Just so.  Hawking radiation isn't too important in astrophysical black holes because the actual space-time curvature (or tidal force) at the horizons is quite small.  However, as we have seen, it becomes very important for small (microscopic) black holes, where the curvature and tidal forces at the horizons are strong.  Similarly, with an Alcubierre drive, the curvature / tidal force near the edge of the warp bubble is extreme, and so too is the Hawking radiation.  By "extreme" we're talking temperatures comparable to the Big Bang.


midtskogen wrote:
Source of the post But assuming that we can get into the proper configuration, I was more thinking how to sustain the property which allows FTL, which requires constant change of the spacetime geometry.  The deformation, as viewed from hyperspace, must move.


I'm not sure how to view from hyperspace, but we can just view relative to the surrounding (flat) space.  The Alcubierre metric describes the location of a bubble which moves at arbitrary speed through the space, and the interior of which is close to flat, and allows a free-falling particle to move with it.

The FTL behavior of the bubble is thus built directly into the metric, and does not require that the geometry of the bubble itself change.  We can consider an "eternal" warp drive -- one which always was and always will be moving at the same FTL speed, and this would be a constant geometry for the bubble.
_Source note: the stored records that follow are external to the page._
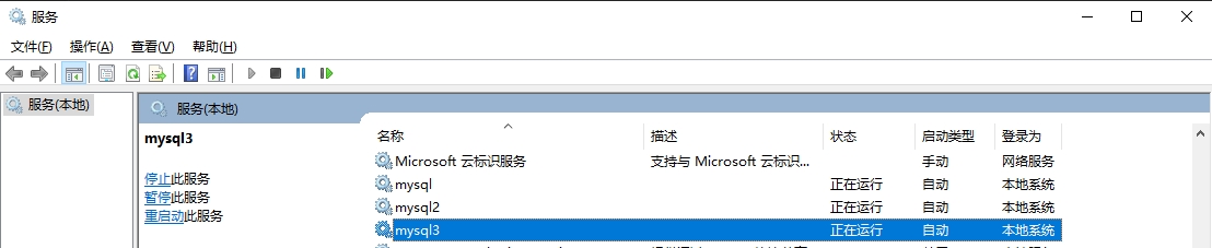 出现 Service successfully installed 表示安装成功。在服务中找到mysql3的服务启动。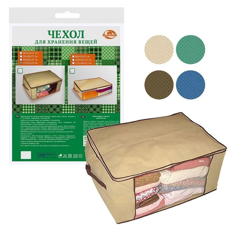 Храните вещи в специальном чехле, чтобы они дольше оставались в порядке. Чехол для хранения вещей подойдет как для одежды, так и для подушек, пледов, одеял. Удобен для хранения в диванах, шкафах, антресолях, имеет прямоугольную форму, что обеспечивает рациональное использование пространства. Защищает вещи от загрязнения, сырости, посторонних запахов. Чехол выручит при переездах и в путешествиях. Изделие изготовлено из спанбонда, материала, обеспечивающего естественную вентиляцию. Прозрачная часть изготовлена из пленки ПВХ (поливинилхлорид). Допускается только ручная стирка при температуре не выше 30° C.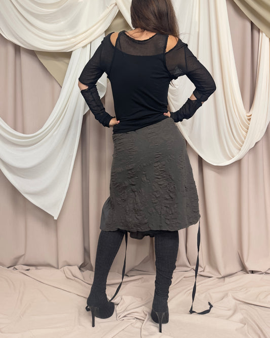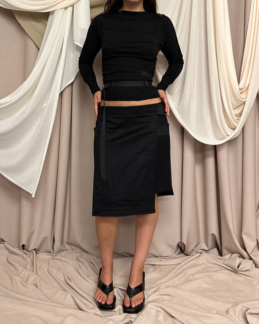 WOOL MIDI SKIRT WITH ELASTICATED UTILITY STRAPS by Armani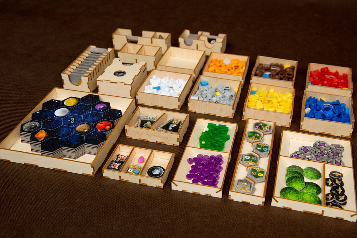 - 7 pojemników dla każdej z Frakcji mieszczące: 8 Kopalń, 4 Placówki Handlowe, 3 Laboratoria, 2 Akademie, 1 Instytut Planetarny, 3 Gajaformery, 7 znaczników Gracza, 25 Satelitów, 2 znaczniki Kredytów, 1 znacznik Rundy, 1 znacznik Wiedzy,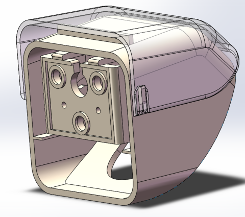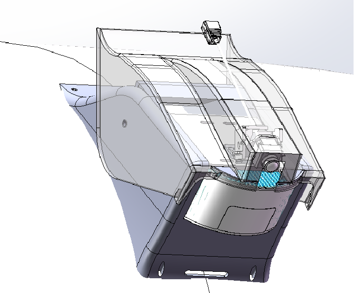 本项目负责对无人驾驶汽车雷达、摄像头结构优化设计。1)无人驾驶汽车雷达支架疏水结构优化设计;2无人驾驶摄像头与雷达支架一体化设计;3)车辆侧摄像头防漏水方案设计。本小组完成了优化结构的设计和三维建模。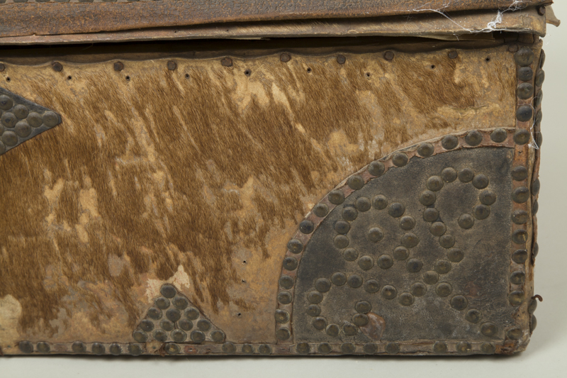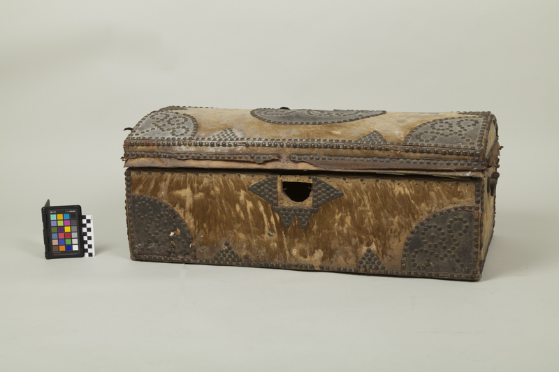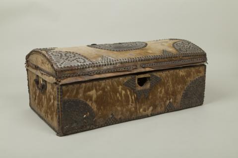 Mueble para guardar ropa de forma rectangular, base plana y tapa convexa. Es de madera, está forrado con cuero y posee decorado de metal.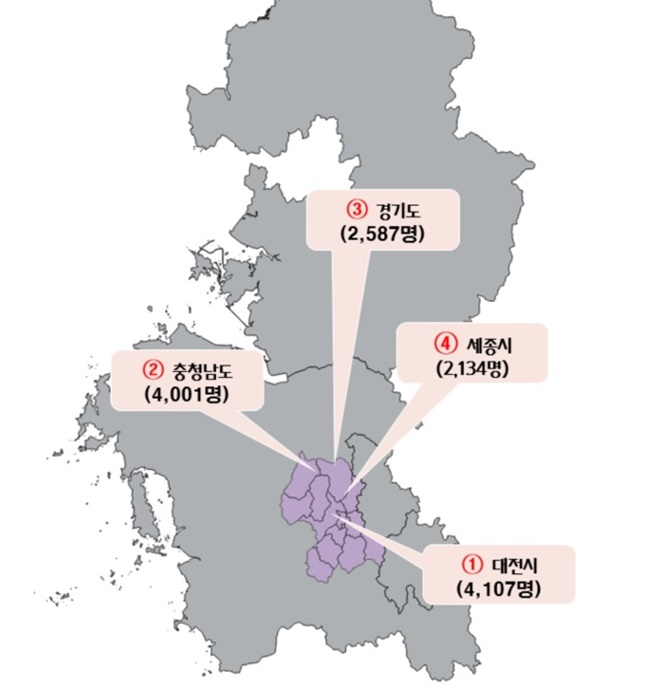 공주시에서 생활하는 공주시외 지역 거주자는 평균 2만 5천여 명으로, 이 중 대전지역 인구가 가장 많은 것으로 나타났다.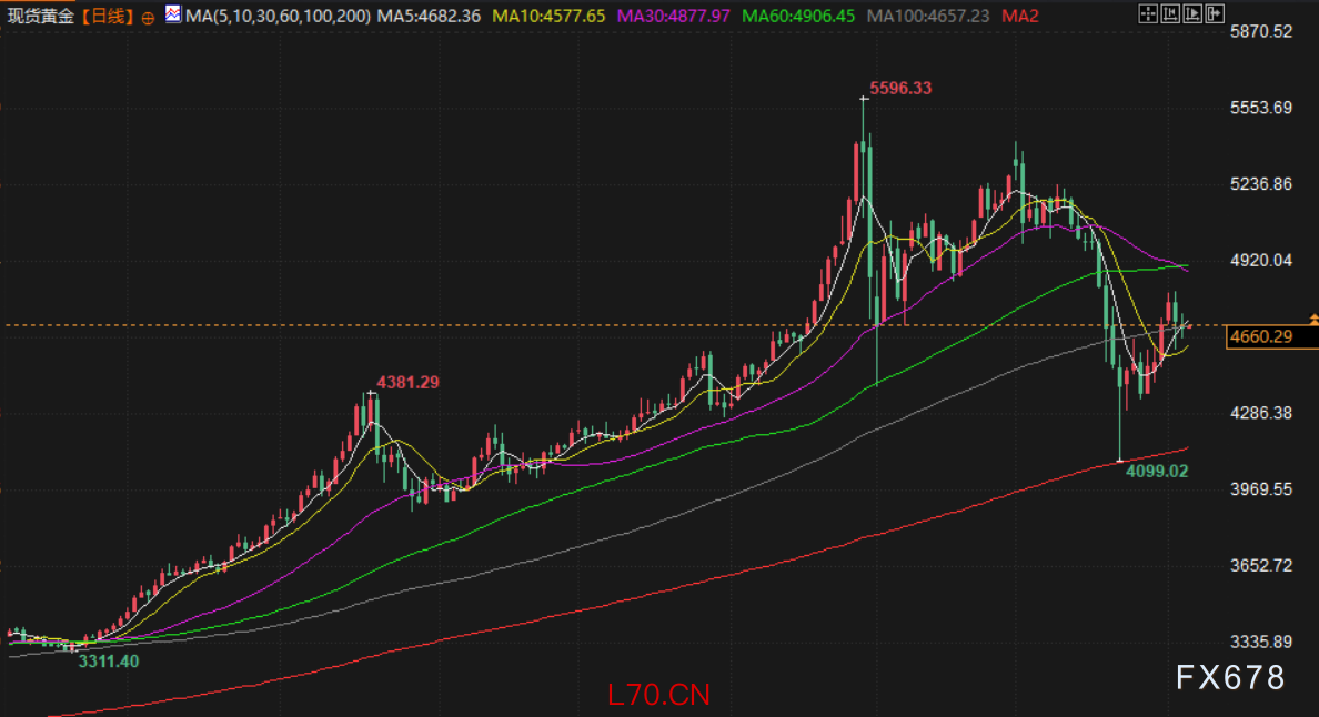 金价周一小幅走低,现货黄金下跌0.4%至每盎司4654.99美元,因投资者密切关注美伊局势的最新动向,等待霍尔木兹海峡重开最后期限的进一步信号。
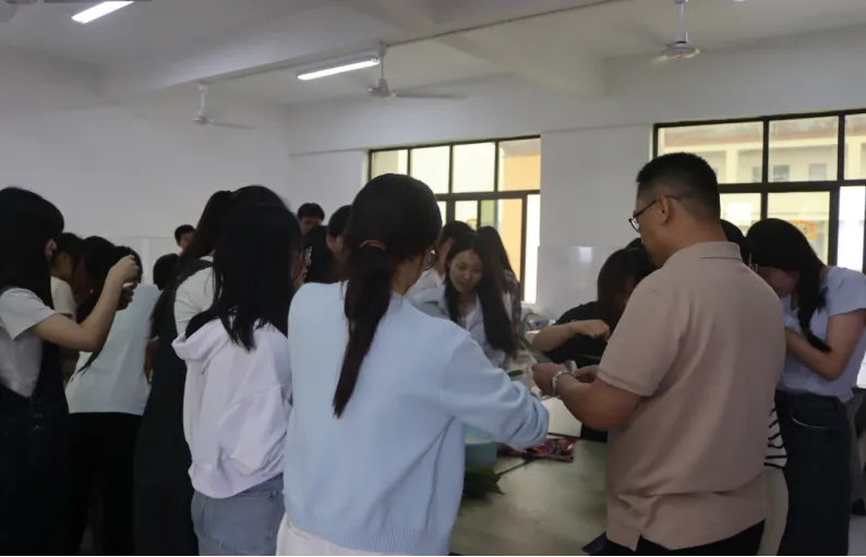 活动现场,刘永东书记与同学们欢聚一堂,和大家围在一起包粽子。现场热情高涨,大家都专注投入。折叠粽叶,舀放、盖严食材,再用线绳系紧……每一个步骤都做得那么认真,每一道工序都那么细心投入。一片片粽叶、一根根线绳在大家手中灵活地跳动着。师生们尽情享受着包粽子带来的乐趣,整个活动过程充满了欢声笑语。
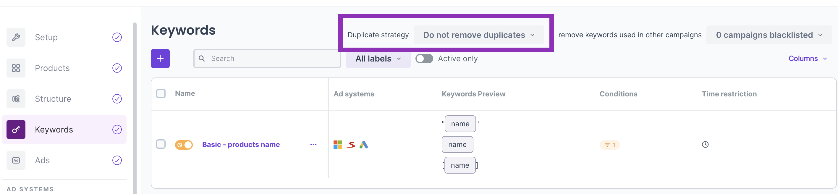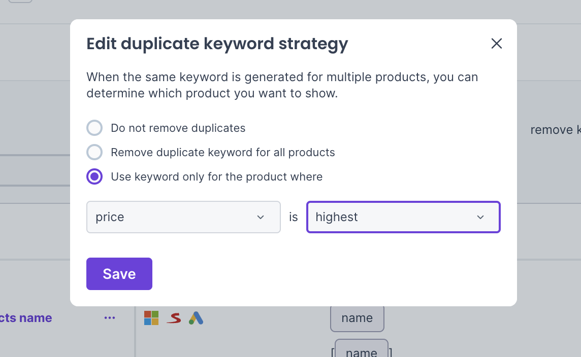 It may happen that identical keywords are generated for multiple products. Fortunately, you can decide what will happen with such a keyword thanks to a duplicate keyword strategy. You can find the setting in the keyword generators overview.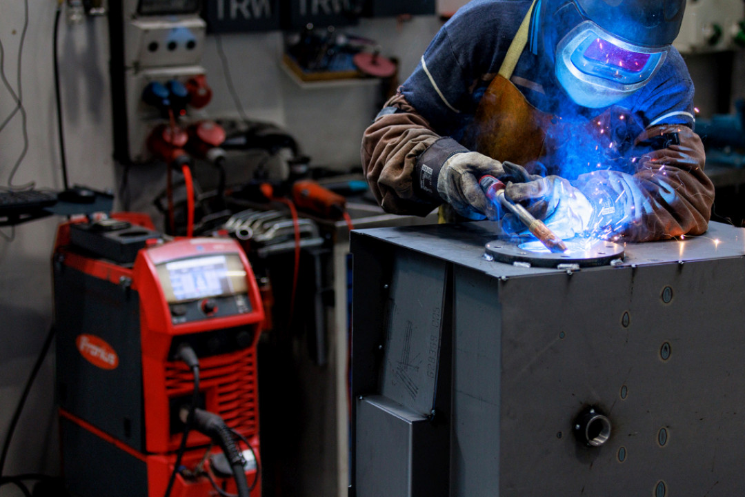 Natürlich spielen auch die Bauteilsicherheit und -qualität eine entscheidende Rolle. Die Expertinnen und Experten bei Knoll wenden deshalb verschiedene Prüfmethoden wie die Farbeindringprüfung (PT – Penetration Testing) zur Kontrolle jedes einzelnen Bauteils an. Sie ist eine schnelle, effektive Methode, die Oberflächenrisse und andere Defekte wie Poren sichtbar macht. Auch für komplexe Geometrien geeignet, kann sie an Werkstücken aller Größen durchgeführt werden. Selbst kleine, mit bloßem Auge nicht sichtbare Fehler können mit der PT erkannt und anschließend von der Schweißfachkraft behoben werden.

Changing the metric may allow the bubble to trace out any arbitrary path through the space, and this is what Alcubierre first worked out as a generalized warp bubble in his paper.

I think what you're aiming toward though is that if the bubble is moving FTL, then how does the signal that causes those elements of space to change get there?  

There was an argument back in 1998 that the region in front of the bubble is not only space-like separated from the interior of the bubble (meaning signals from inside cannot possibly reach it, which I think is intuitive and means the ship cannot control the bubble after it is formed), but even more severely is also space-like separated from the whole surrounding space-time.  In other words, to create an FTL warp bubble, one must first distribute the mass-energy at FTL speeds.  This suggests that it is fundamentally impossible to make one.  Or to turn it off again, as in your last question.  This is one of the most common arguments for why the drive must be impossible, and it sounds reasonable.

However, a more recent (2002) study found that this argument is actually wrong.  It is possible to build an Alcubierre space-time which is causally connected in the regions that are relevant to the motion of the ship, and thus the ship can activate or deactivate the warp bubble from within.  Basically this works because even though the leading horizon is causally separated, the rest of the volume of the bubble is not, and signals can be sent there to change the space-time and reduce the strength of the bubble.  In other words you can't turn it off all at once, but you can do it in parts.


I did also find a paper which specifically investigates semiclassical corrections (adding in quantum mechanics) for a warp drive that is generated from an initially flat space-time (as opposed to the eternal warp drive).  Again they find the Hawking radiation to be thoroughly lethal, but an even more severe problem is that the space-time itself becomes violently unstable, specifically around the horizon in front of the ship which acts like the horizon of a white hole.  

In my view this is one of the more compelling reasons for thinking the drive is impossible.  A lot of people approach it from simple arguments of relativity, but the reality seems to be more subtle than that, and is what makes investigation of the physics of warp drives interesting to me.  I am quite sure the drive is impossible, but research into their properties promotes deeper understanding of gravitation and quantum mechanics.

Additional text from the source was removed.